- [Work request]:
Using the entries below, copy exactly each line from the line with "Набор состоит из" up to and including the line with "- A game to", with every picture left out.

- [Exercise data]:
---+---

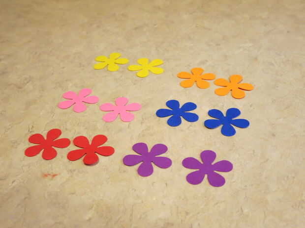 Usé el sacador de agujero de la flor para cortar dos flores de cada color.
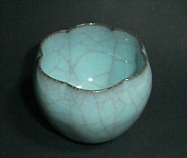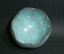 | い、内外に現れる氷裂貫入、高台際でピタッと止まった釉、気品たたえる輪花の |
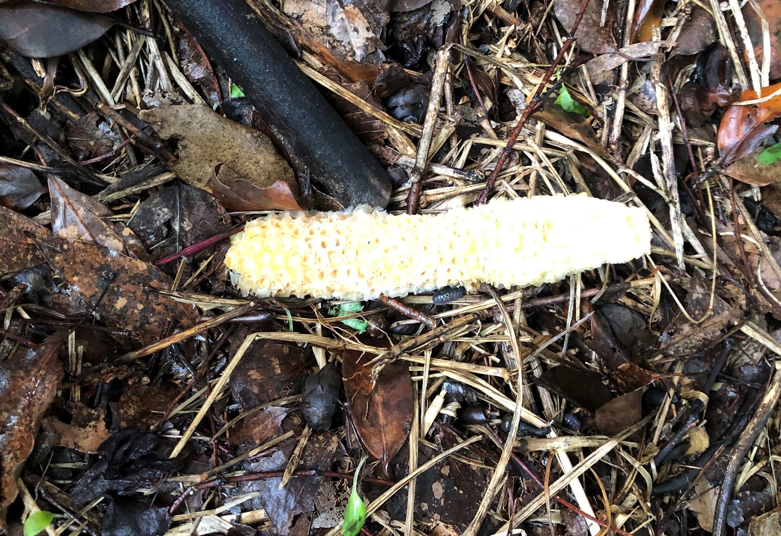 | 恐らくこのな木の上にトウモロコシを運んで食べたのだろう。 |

---+---

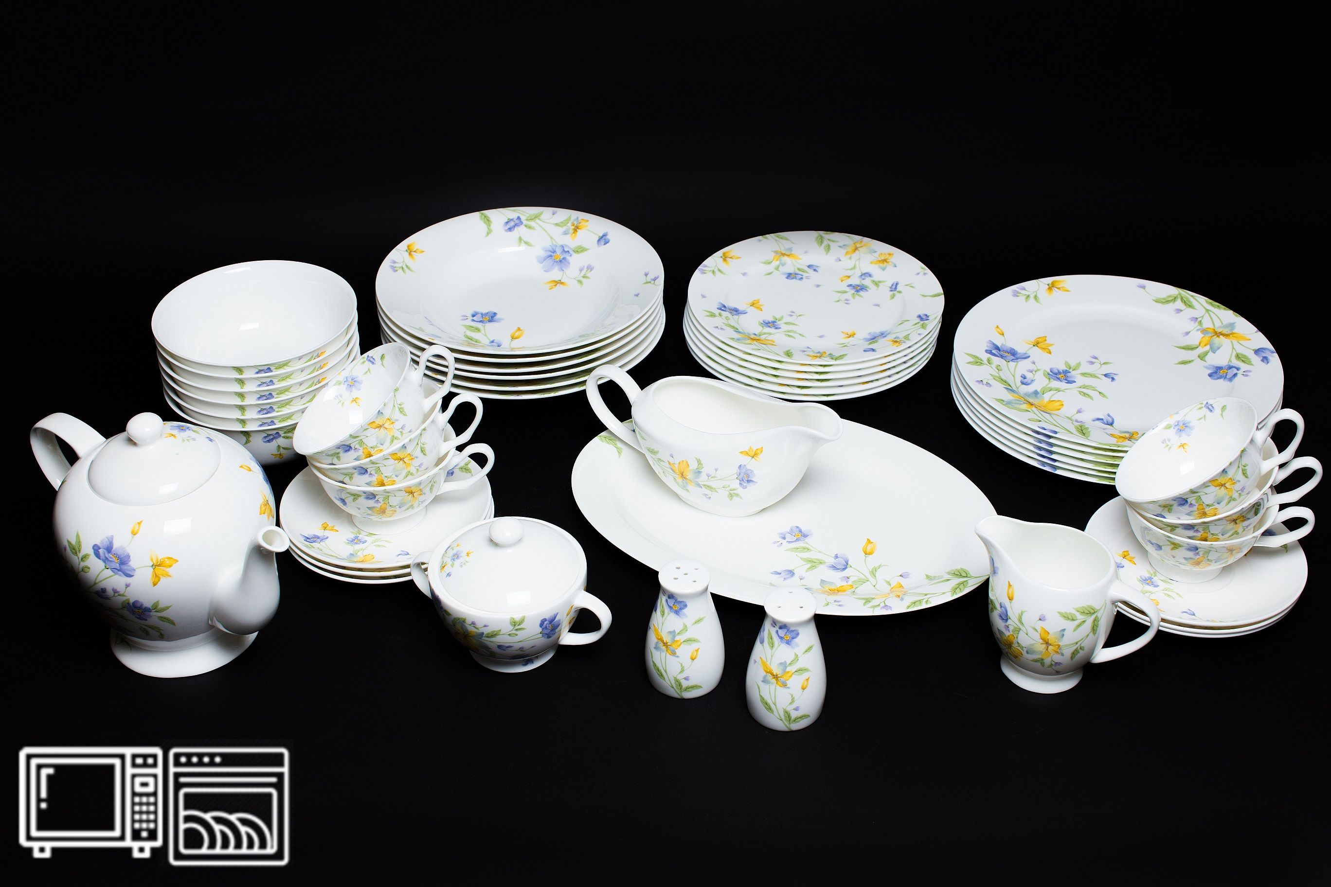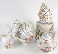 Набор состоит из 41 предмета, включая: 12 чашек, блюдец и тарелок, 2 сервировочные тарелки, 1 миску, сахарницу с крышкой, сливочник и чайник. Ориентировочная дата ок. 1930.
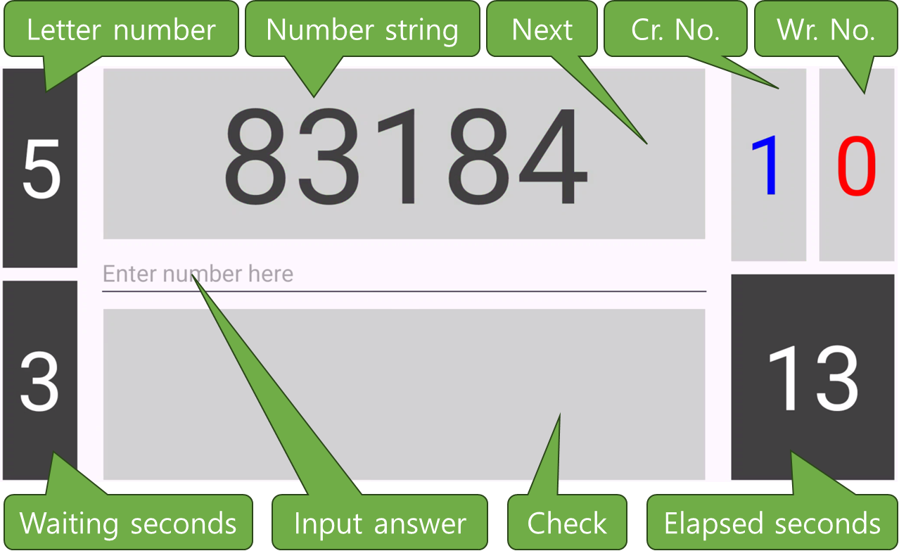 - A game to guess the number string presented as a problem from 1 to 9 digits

---+---

- [Response box]:
 Набор состоит из 41 предмета, включая: 12 чашек, блюдец и тарелок, 2 сервировочные тарелки, 1 миску, сахарницу с крышкой, сливочник и чайник. Ориентировочная дата ок. 1930.
 - A game to guess the number string presented as a problem from 1 to 9 digits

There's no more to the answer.